We are not OK
How political cynicism is destroying community
No wonder people are wary of answering the question “How are you?” The question should really be, “Are you OK?” People are at such a high level of stress and social media pheromones that they are at the trigger’s edge. Drivers, you know who you are, like the guy who hit 90 to pass a row of five cars on Highway 30 while a logging truck was barreling down from another direction.
I think Pam Bondi’s wild screaming fit in Congress this week put things into perspective for me. If anyone is not OK, it is her. She epitomizes the ferocious, hit twice-as-hard, personalized attack mode so familiar today. We easily forgot what the hearings were even all about. (Which was the point.) Sometimes that combative performance backfires and leaves the actor — say, Rudy Giuliani, for one — looking even more ridiculous than before. It feels like proof of something deeper: a collective inability to regulate ourselves.
Politics today is the start and end point of relationships. We are so fearful, at introductions, of discovering an immediate and insuperable divide that can at best never be conquered and at worst emerge as a bitter and long-lasting negative encounter.
The long pause
A couple came to our door the other day. They looked nice but they asked if we had gotten a package. We had. We thought it was a dog collar we had ordered. They showed us a picture on their phone of the package they delivered. We hadn’t opened it so we unpeeled it while they stood in front of us. It was an N-95 mask. We hadn’t ordered it.
“We ordered a computer, and this is what came. I think we’ve been scammed,” they said.
I invited them into the house to exchange information. They admitted they were surprised we invited them in. After we talked a little about the high incidence of scams, the man said, given the state of the world, he was surprised we invited him in. “I’m not so sure if you came to my door I would do the same.” There was a long pause. He also said, “You guys seem normal,” and we all laughed. The information exchange completed, it was time for them to leave. We felt really good about them, but realized we didn’t really know if they were Team Kid Rock or Bad Bunny.
We’ve had a couple close calls lately where conversation has veered in an odd direction. For example, I was playing music last week and a guy in the audience asked me what kind of name is “Marx”? I flinched and answered “German.” He said, “That’s an unusual name.” I mumbled, “Not really.” He said he had read all of Karl Marx’s works. Then he mentioned “The Protocols of the Elders of Zion,” the antisemitic tract later used by the Nazis to whip up hatred. The book still resonates with some who buy into the theory that Jews run the world. By the way, he loved the jazz performance. Turned out he was a real fan and stayed for both sets.

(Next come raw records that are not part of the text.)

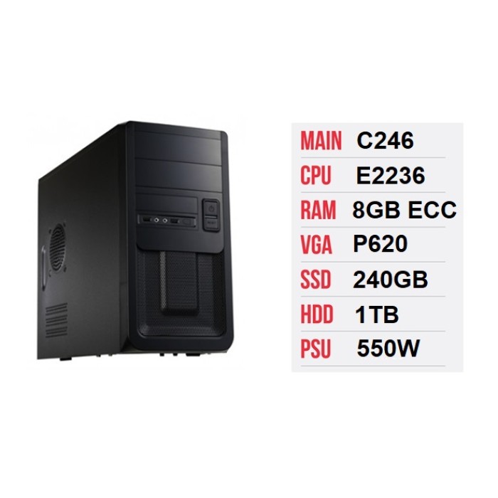 - CPU: Intel Xeon E-2236 (3.4GHz turbo up to 4.8GHz, 6 nhân, 12 luồng, 12 MB Cache, 80W) - Socket Intel LGA 1151-v2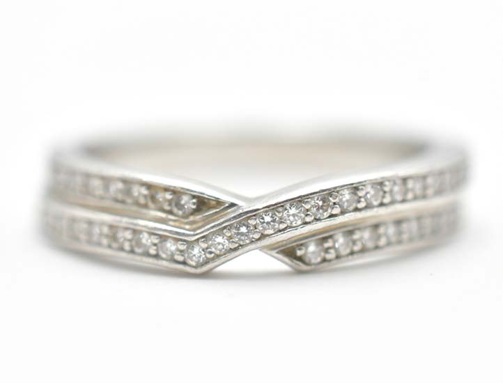 2列に連なる繊細なダイヤモンドのラインが交差する、モダンで流麗なデザインの結婚指輪です。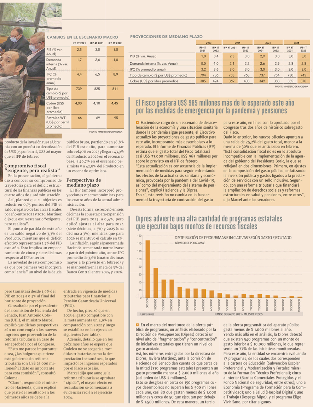Hacienda baja proyección de PIB para 2022 a 1,5% y compromete un déficit fiscal estructural cercano a 1% a fin del gobierno - (Pulso)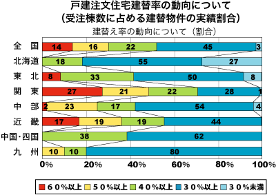 全国では、「50%以上」(前32%から30%に)が微減し、「40%未満」(前48%から48%に)は横ばいとなっており、建替え受注は現状維持という状況である。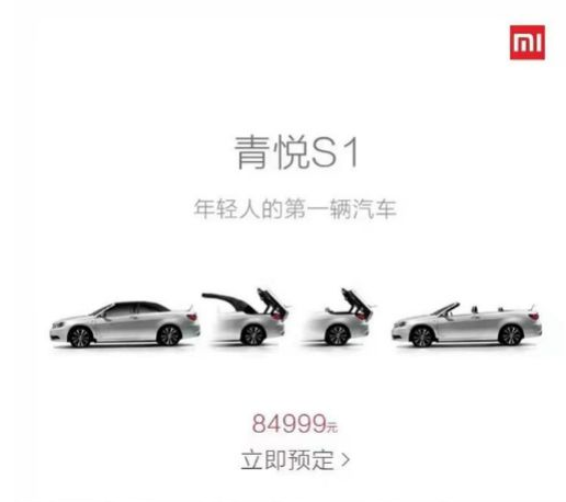 2020年12月11日,小米集团与比亚迪共同创立联合实验室,一同开始搭建技术开发平台,随后“小米蓝天计划”曝光,一款被称为“年轻人的第一台车”的青悦S1被放上网络,预售价仅为84999元,与现在市场在售新能源汽车相比,性价比简直不要太高,但小米官方始终没有对此传闻做出回应。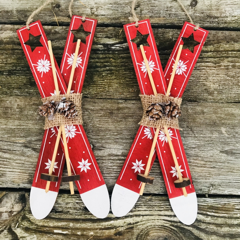 Deko-Ski aus Holz rot 21cm 2Stk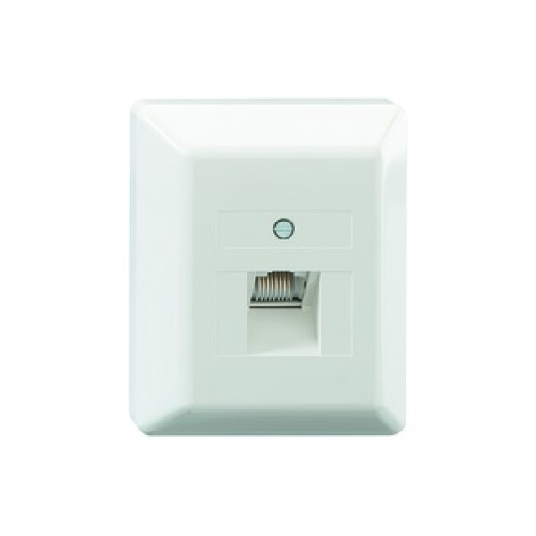 Rutenbeck 13010129. Socket type: RJ-45, Operating temperature (T-T): -5 - 50 °C. Product colour: White, Housing material: Plastic, International Protection (IP) code: IP20. Rated voltage: 125 V, Rated current: 1 A. Width: 65 mm, Depth: 26 mm, Height: 80 mm

There was another incident two weeks ago at a local brew pub that sent a shudder down my spine. I was having a beer; my wife was having a rum-and-root beer cocktail. We struck up a conversation with another couple sitting a few bar stools down. Everything was fine until the man mentioned he was “a conspiracy theorist.” My eyebrows shot up. The conspiracy didn’t involve Lee Harvey Oswald or Jack Ruby. It was whether John F. Kennedy had ever existed. I replied, “Well, I’m 70 years old, and I assure you, John F. Kennedy was a real person.” I had about an inch of beer in my glass and I asked my wife if I should order another round. “No,” she said. “Let’s get out of here.”
The cost of being ‘not OK’
Anyone can tell by the brutal and unfeeling comments on social media that people are not OK — and for many being not OK means they want you to not be OK too.
Consider those who are truly not OK.
The number of children in federal custody has climbed sharply since President Trump revived the practice of detaining families last year, as part of his promise to deport immigrants who are in the country illegally. According to a report by “The New York Times,” 5-year-old Liam Conejo Ramos, still wearing his Spider-Man backpack, was detained along with his father on their way home from school in suburban Minneapolis last month.
When Pam Bondi lost her shit in the performative congressional display that epitomized what we are all facing every day — if not in reality in our minds — it embarrassed me not for her but for all of us.
A different response
It is hard to imagine Americans ever coming together for a public holiday, the way millions once flooded Times Square for V-J Day, embracing strangers in a shared relief that the world was finally safe.
Today, the sign at our local Episcopal church reads “STRONGER TOGETHER.” My wife cynically asked, “What are we stronger together for?”
Are we better off returning to our corners, our personalized broadcast media, our YouTube sites, and locking the doors and pulling down the shades?
It takes a lot of guts to wear a “NO KINGS” pin these days, or put a “TRUMP” sticker on your bumper. Will we develop secret handshakes, secret codes, like “Pssst… Sydney Sweeney…” or … “I get my news from independent sources.” A ball cap versus a knit cap? Are you wearing a camouflage jacket ‘cuz you like the style, or…? Just vague enough that you’ll never know.
Now, you don’t dare ask. And maybe you don’t want to know.






It saddens me to say what a great piece this is. You nailed it describing our national malaise.
Like so many boomers, not exactly how we pictured our golden years. This is our fight, so we must resist, stand up for our freedoms and hope we have some semblance of free and fair midterms in November.
Depressing, but that’s the truth today.